**Task details**
Skip the images and return the records below exactly.

**Given entries**
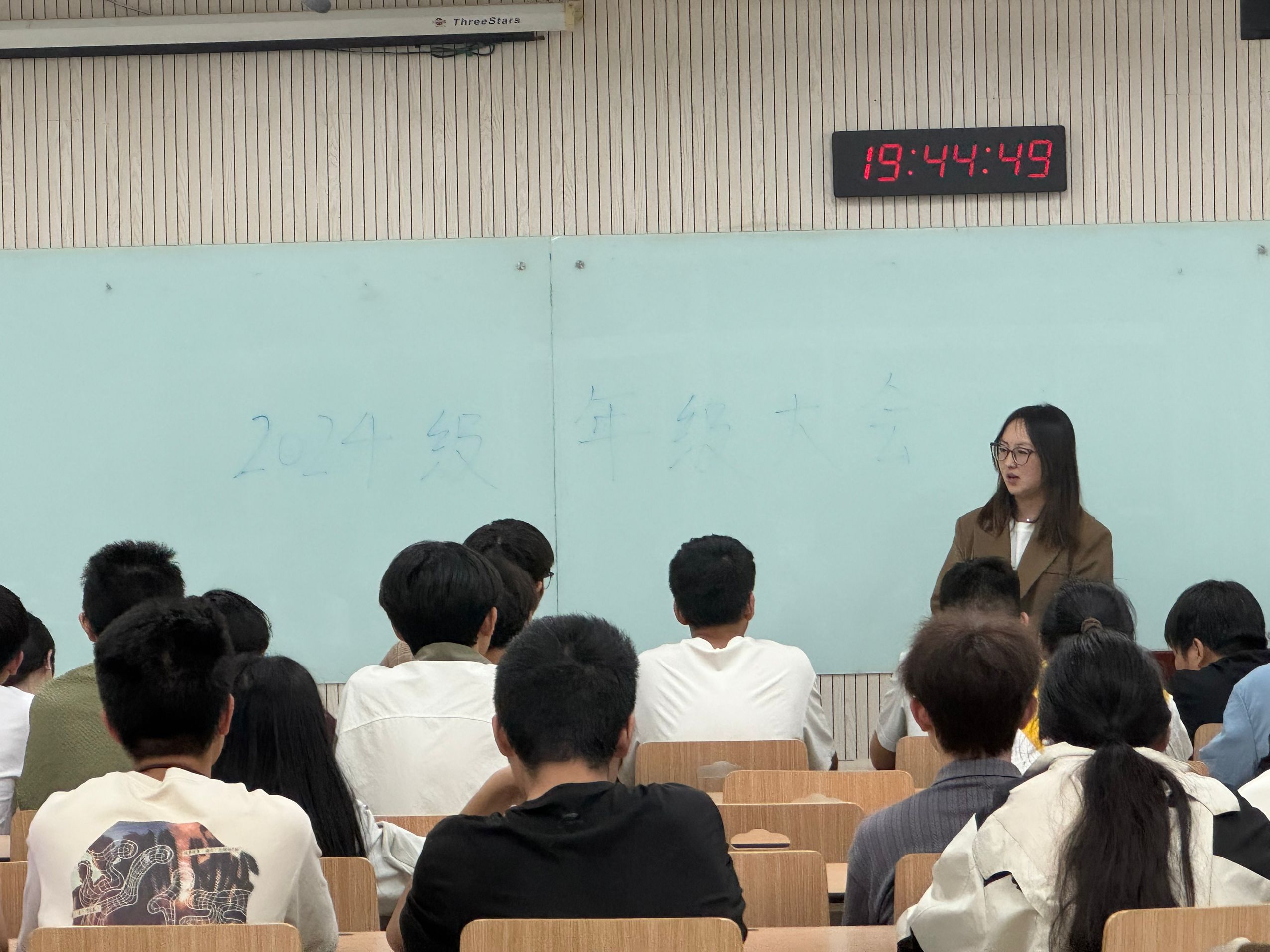 为切实做好假期学生安全教育管理工作,引导学生增强安全意识、规范网络行为、科学规划学业,4月28日晚2024级召开年级大会。会议由2024级辅导员万畅主讲,全体2024级本科生参会。
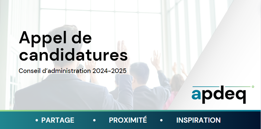 L’APDEQ invite aujourd’hui les personnes intéressées à soumettre leur candidature à titre de membre du conseil d’administration pour le prochain exercice, à compléter le bulletin de mise en candidature que vous trouverez en annexe de la présente ou en communiquant avec la permanence de l’APDEQ.
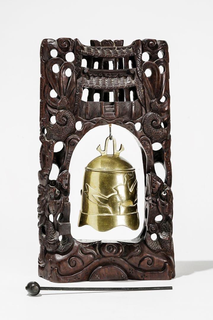 Montants sculptés à décor de dragons et nuées, battant, 41x21 cm
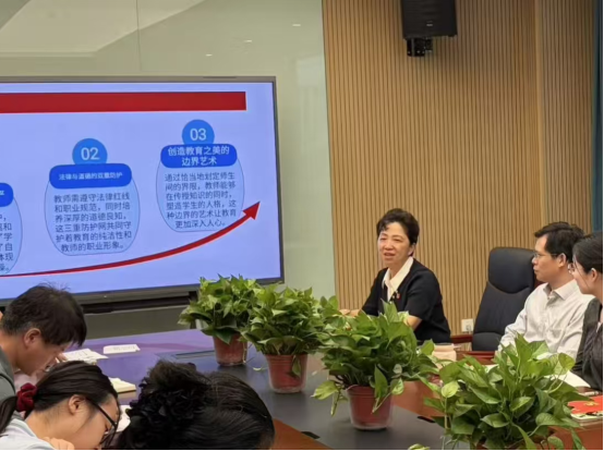 吴英明引用身边的真实案例,提醒各位党员教师要坚守廉洁底线,自觉接受社会公众、舆论的监督,维护好风清气正的教育生态。她指出,党员老师应以本次学习为契机,把边界意识融入日常教育教学,以专业素养守护教育初心,用行动诠释教师职业的神圣与担当,为学生成长搭建安全、健康、纯粹的教育环境。
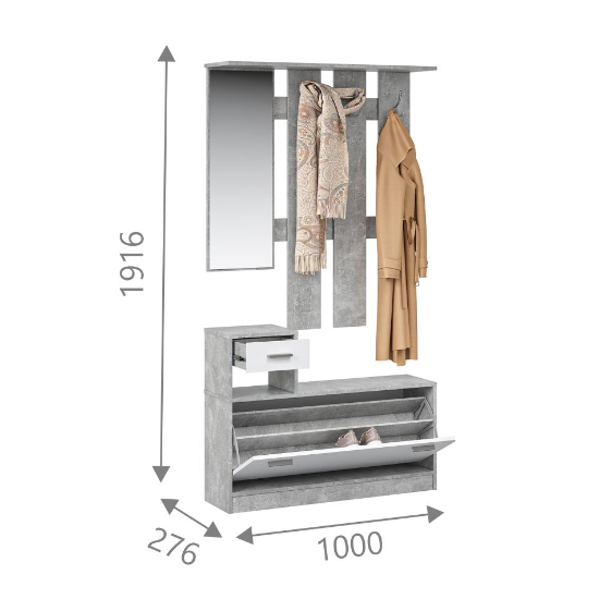 Купить Прихожая Интер со шкафом, тумбой, вешалкой ателье светлый белый ШГВ 156х33х191.5 см

**Your solution**
 为切实做好假期学生安全教育管理工作,引导学生增强安全意识、规范网络行为、科学规划学业,4月28日晚2024级召开年级大会。会议由2024级辅导员万畅主讲,全体2024级本科生参会。
 L’APDEQ invite aujourd’hui les personnes intéressées à soumettre leur candidature à titre de membre du conseil d’administration pour le prochain exercice, à compléter le bulletin de mise en candidature que vous trouverez en annexe de la présente ou en communiquant avec la permanence de l’APDEQ.
 Montants sculptés à décor de dragons et nuées, battant, 41x21 cm
 吴英明引用身边的真实案例,提醒各位党员教师要坚守廉洁底线,自觉接受社会公众、舆论的监督,维护好风清气正的教育生态。她指出,党员老师应以本次学习为契机,把边界意识融入日常教育教学,以专业素养守护教育初心,用行动诠释教师职业的神圣与担当,为学生成长搭建安全、健康、纯粹的教育环境。
 Купить Прихожая Интер со шкафом, тумбой, вешалкой ателье светлый белый ШГВ 156х33х191.5 см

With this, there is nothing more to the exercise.